- REQUIREMENT
Return the stretch from the line with "Men's Vacation Simple" through the line with "Pompa Piscina NUOVA mai usata" in the data below, character for character, skipping all pictures.

- DATA PROVIDED

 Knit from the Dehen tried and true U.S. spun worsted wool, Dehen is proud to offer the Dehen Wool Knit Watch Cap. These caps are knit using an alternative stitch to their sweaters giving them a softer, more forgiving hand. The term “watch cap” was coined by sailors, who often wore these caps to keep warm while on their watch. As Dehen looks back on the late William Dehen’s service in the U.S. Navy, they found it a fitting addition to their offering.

* * *

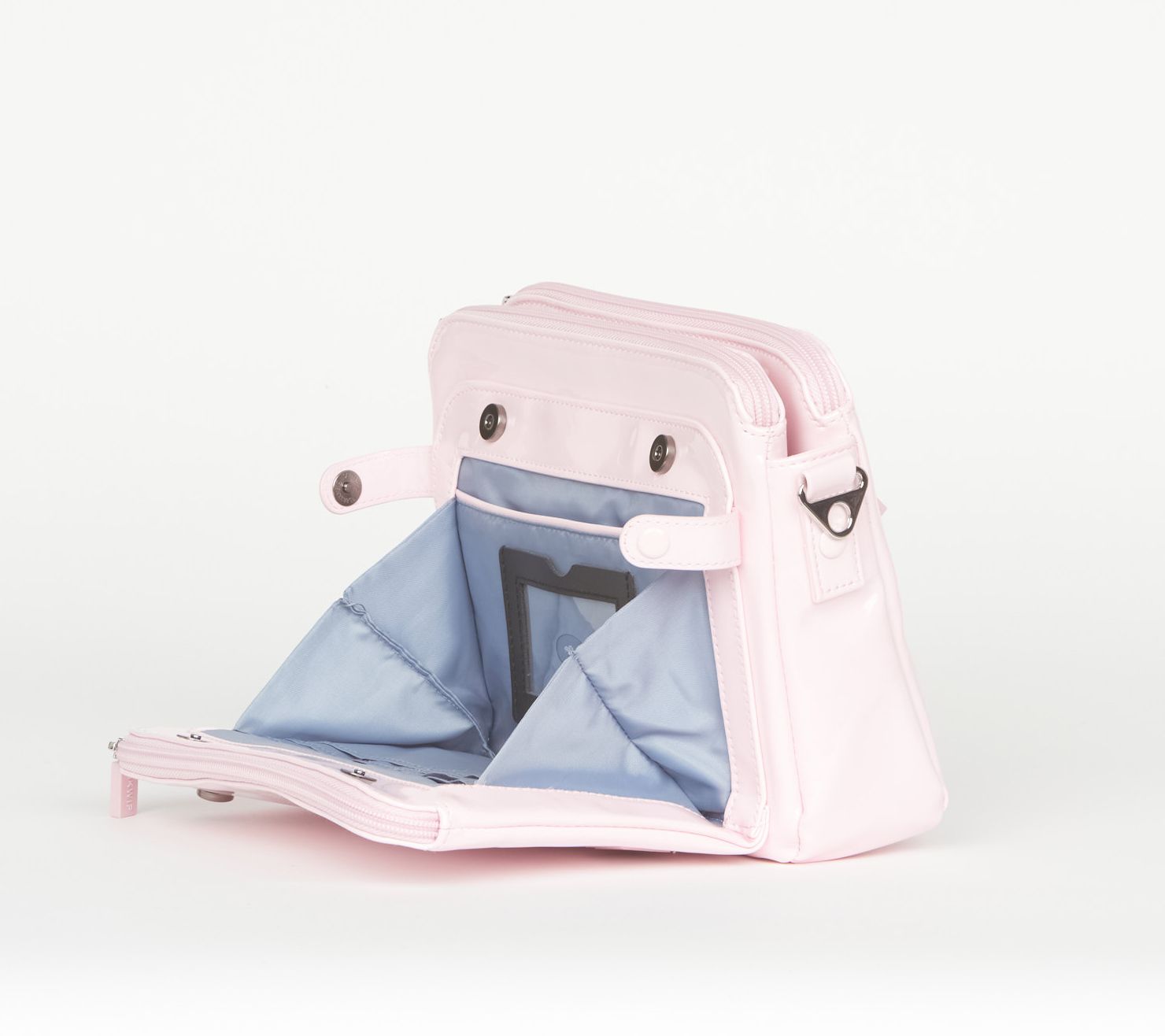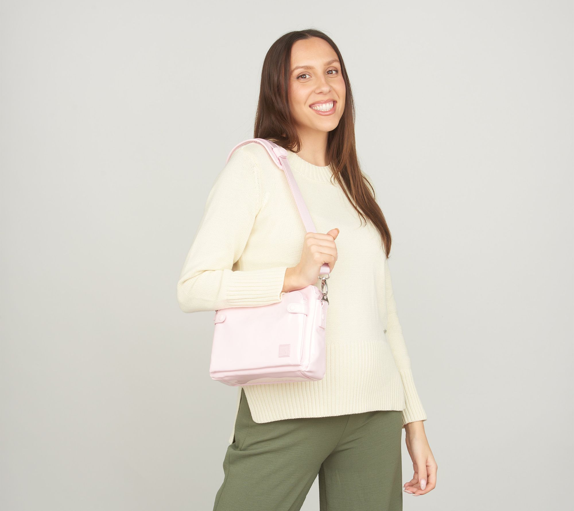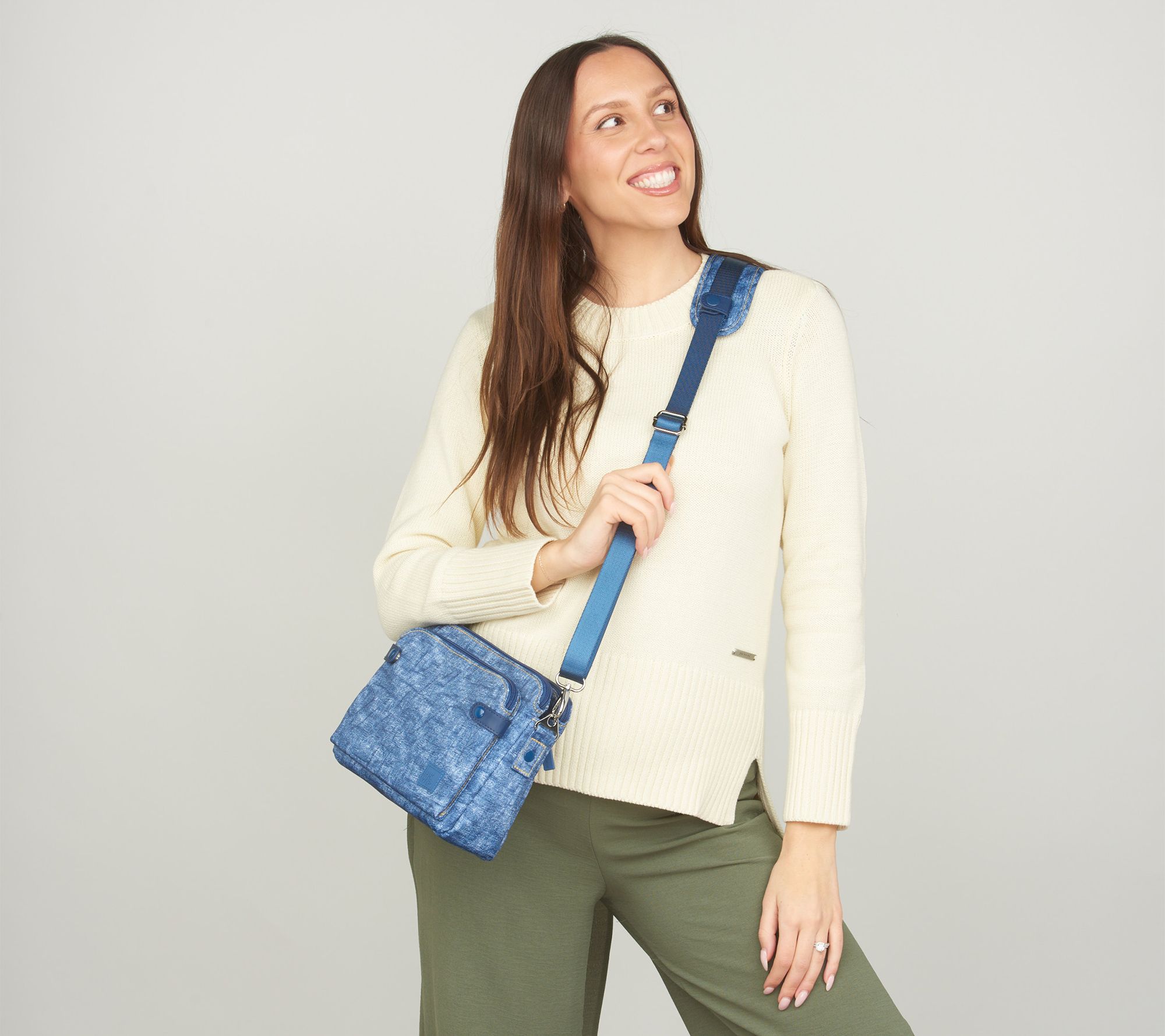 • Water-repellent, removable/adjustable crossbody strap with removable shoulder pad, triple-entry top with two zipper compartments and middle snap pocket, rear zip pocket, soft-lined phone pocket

---

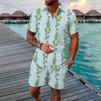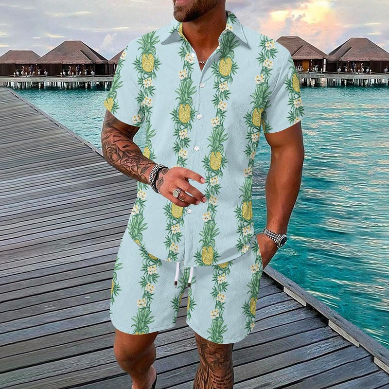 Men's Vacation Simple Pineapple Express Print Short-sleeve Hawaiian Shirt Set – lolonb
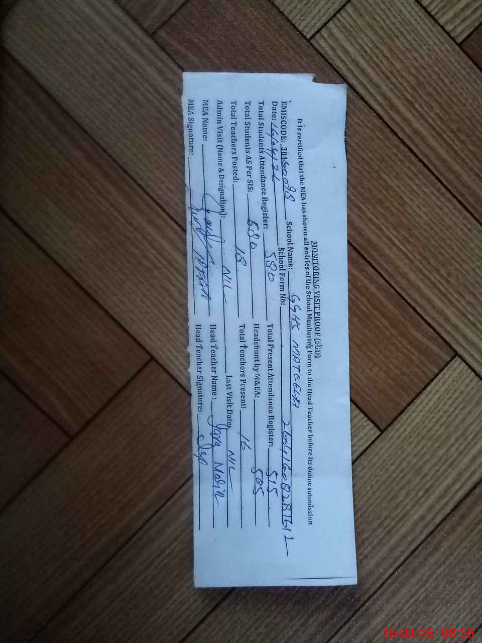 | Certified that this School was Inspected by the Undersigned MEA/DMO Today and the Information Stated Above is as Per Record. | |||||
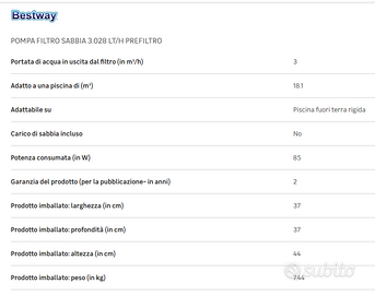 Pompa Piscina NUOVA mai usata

- REPLY
 Men's Vacation Simple Pineapple Express Print Short-sleeve Hawaiian Shirt Set – lolonb
 | Certified that this School was Inspected by the Undersigned MEA/DMO Today and the Information Stated Above is as Per Record. | |||||
 Pompa Piscina NUOVA mai usata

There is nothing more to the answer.